Customers are changing, the drinks portfolio is changing, and sommeliers will need to embrace these changes, too. That was the stark message from Sommelier Wine Awards’ head of judging, Christine Parkinson at a recent workshop for the competition’s senior judges in London.

Parkinson was talking specifically about the rise in non-drinkers and its impact on the restaurant offering. Or, more accurately, the lack of it. Despite a huge social shift in consumption trends, restaurant wine lists have barely changed. Low- or non-alcoholic wine is an area where sommeliers often don’t feel comfortable or, frequently, ignore it completely.

‘Most sommeliers don’t put any effort into finding the good products,’ she said.

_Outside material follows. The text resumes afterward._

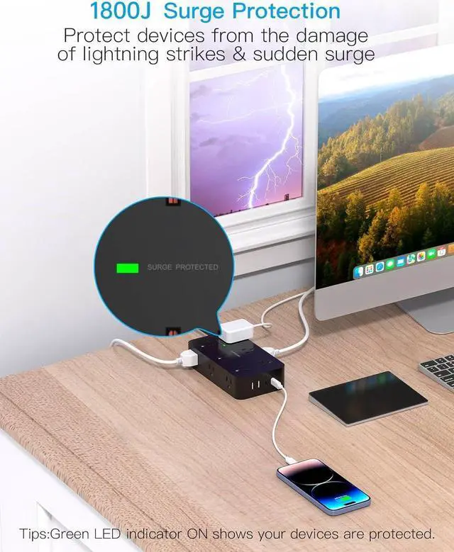Power Strips with Surge Protection - The power strip surge protector built-in 1800 joules surge protection for your phone, computer and other applianced from spikes and fluctuations. The on/off switch with integrated circuit breaker for overload protection of all outlets. It will automatically cut power to protect connected devices when voltage surge is overwhelming. (The surge protected indicator light on to show your devices are protected. )

Low- or non-alcoholic wine is an area where sommeliers often don’t feel comfortable or, frequently, ignore it completely

A survey of the senior judges backed this up. Few offered much in the no and low space at their venues, while most had no 0% abv wine products at all.

‘We tried listing a zero alcohol sparkling in January, and even though it was clearly marked at the bar it didn’t work at all,’ said ETM group’s Guillaume Mahaut. ‘It tasted more like Appletiser.’

The patchy quality of what’s on offer was borne out by a mixed range of no- and low-alcohol wines. Some were reasonable, others were strange, and some were undrinkable. It was clear that the existing production technique of creating an alcoholic wine, removing the alcohol then adding other products to put back body and texture is incredibly hard to get right.

‘So perhaps the answer is to consider something very different,’ said Parkinson, who backed up her point by serving our panel (blind) a sample of Nine Elms No 18.

Initial scepticism at its spicy, vermouth character gave way to pleasant surprise when the drink was tasted. Structurally, if not flavour-wise, it was closer to behaving like wine than a de-alcoholised Tempranillo that was also in the line-up, even though it had no grape juice in it at all.

‘I’ve tested it with food and it’s brilliant,’ said Parkinson. ‘We are definitely going to be seeing more products like this.’